**INFORMATION PROVIDED**
=======

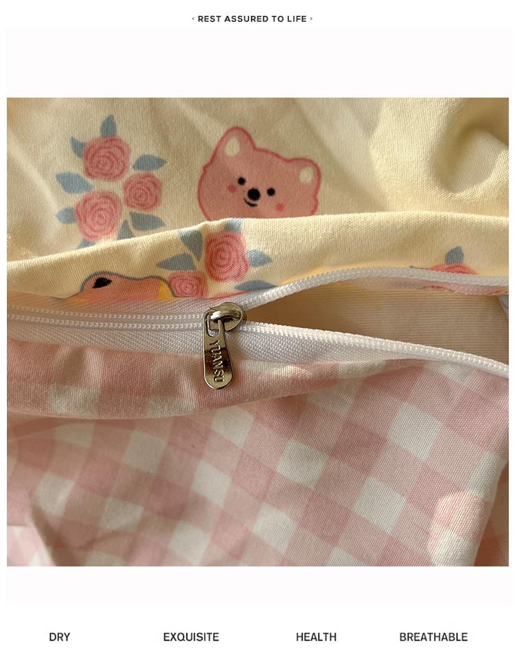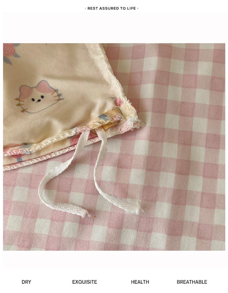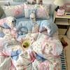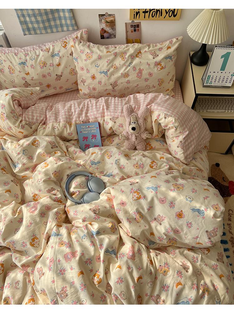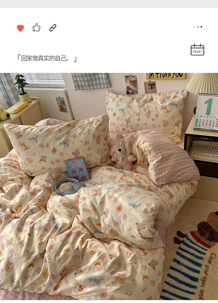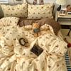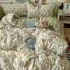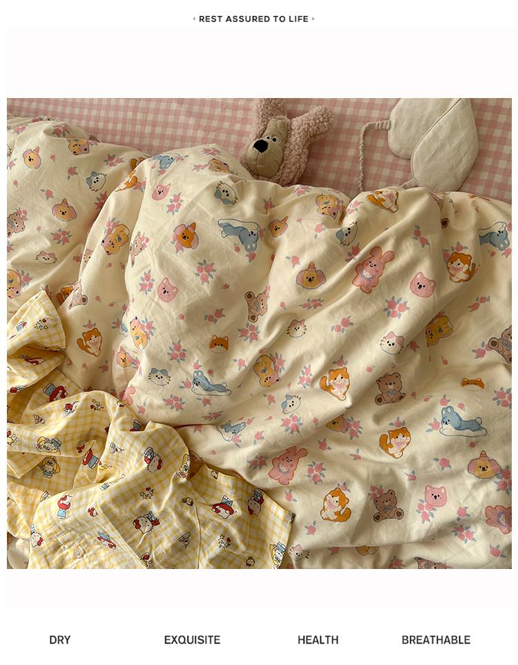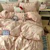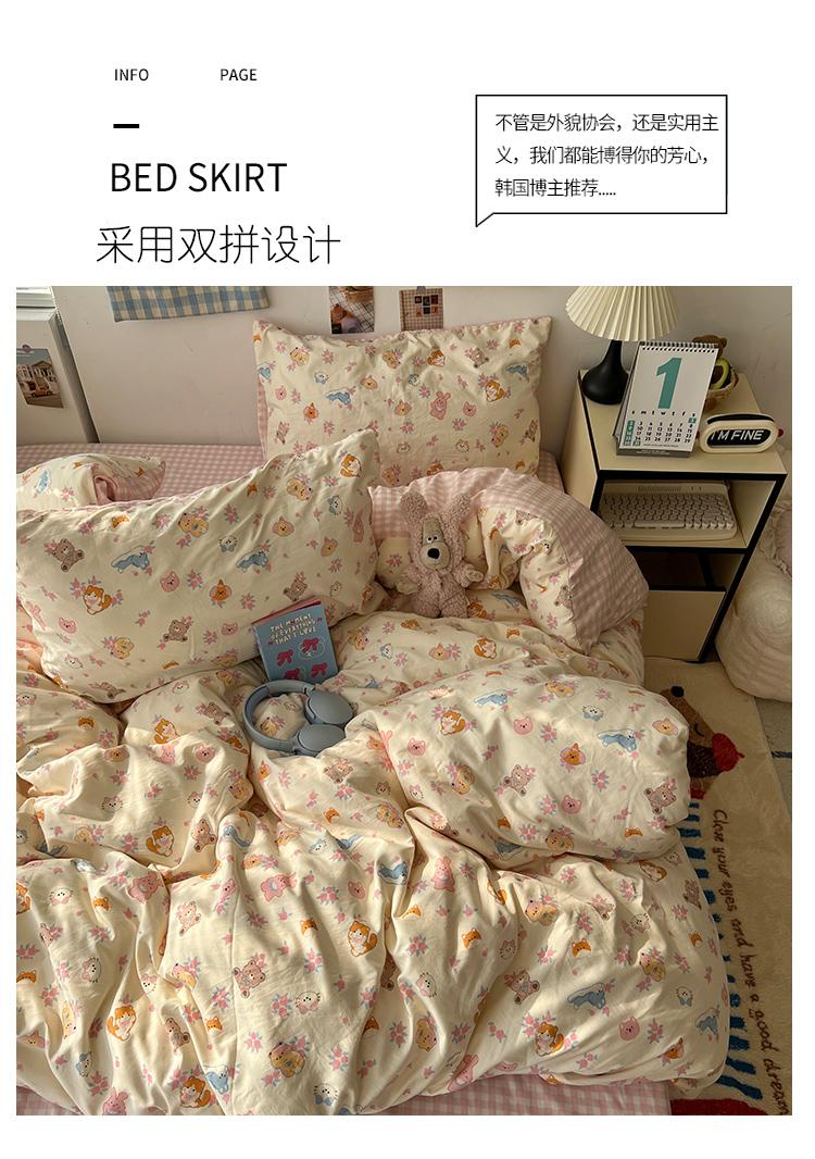 Juego de cuatro piezas de Clase A para Madre y Bebé Estilo ins Edredón de Algodón Lavado Funda de Edredón Sábana Bajera Dormitorio de Estudiantes Juego de Cama de Tres Piezas Nantong
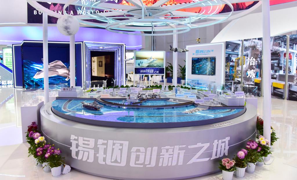 航母、衛(wèi)星、智能機器人……裸眼3D折角屏以極具視覺震撼的特效,生動展示錫基、銦基合金在大國重器制造中的應(yīng)用,成為制造業(yè)館的靚麗打卡點。
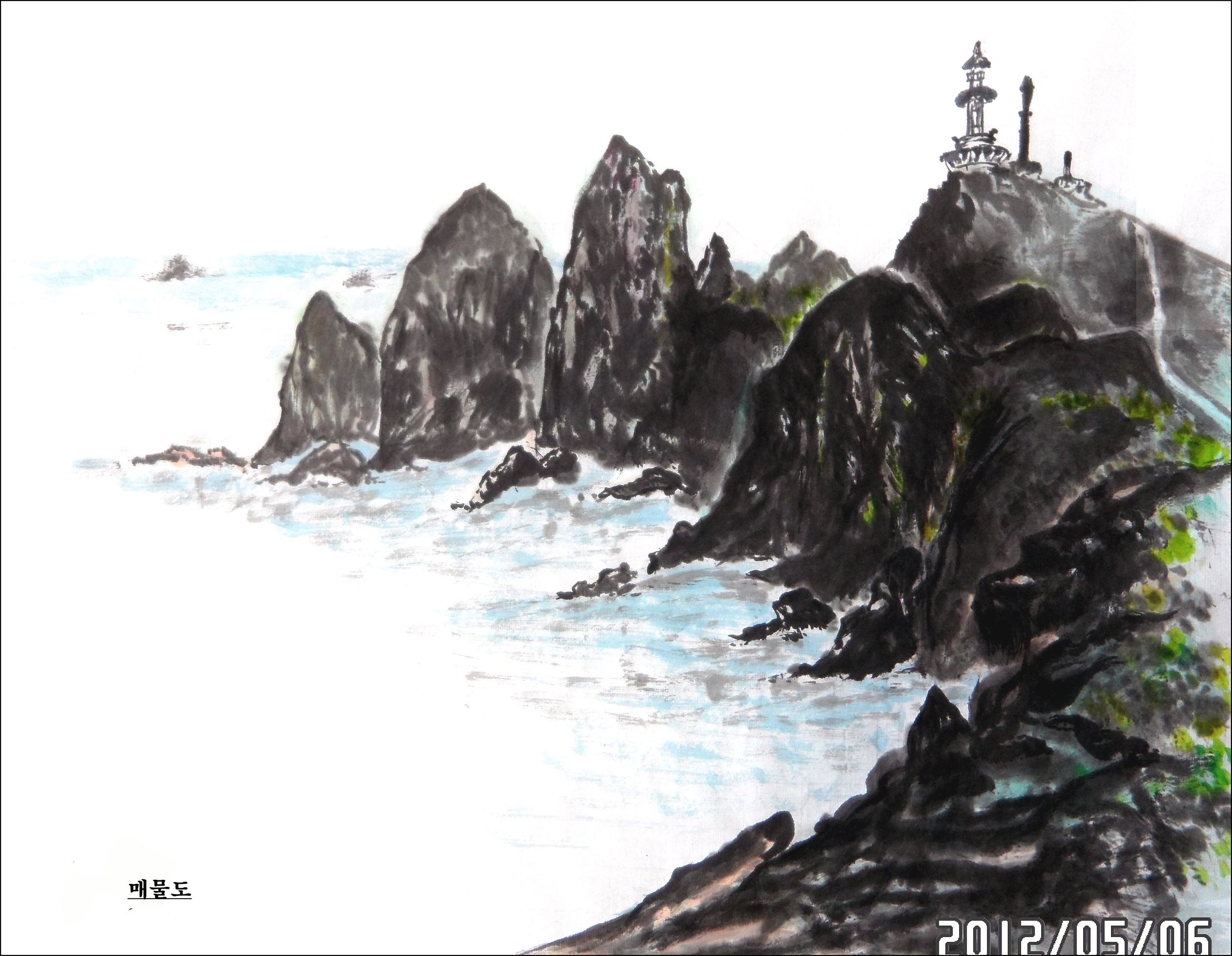 고루고루 지적을 바랍니다. 원근법(먹색과 크기)의 미숙과, 바다물의 파도그림은 너무 어려운것 같았습니다.

=======

**WORK TO COMPLETE**
Print the whole listing exactly, please, and keep any images out of it.

**OUTPUT FOR THIS EXERCISE**
 Juego de cuatro piezas de Clase A para Madre y Bebé Estilo ins Edredón de Algodón Lavado Funda de Edredón Sábana Bajera Dormitorio de Estudiantes Juego de Cama de Tres Piezas Nantong
 航母、衛(wèi)星、智能機器人……裸眼3D折角屏以極具視覺震撼的特效,生動展示錫基、銦基合金在大國重器制造中的應(yīng)用,成為制造業(yè)館的靚麗打卡點。
 고루고루 지적을 바랍니다. 원근법(먹색과 크기)의 미숙과, 바다물의 파도그림은 너무 어려운것 같았습니다.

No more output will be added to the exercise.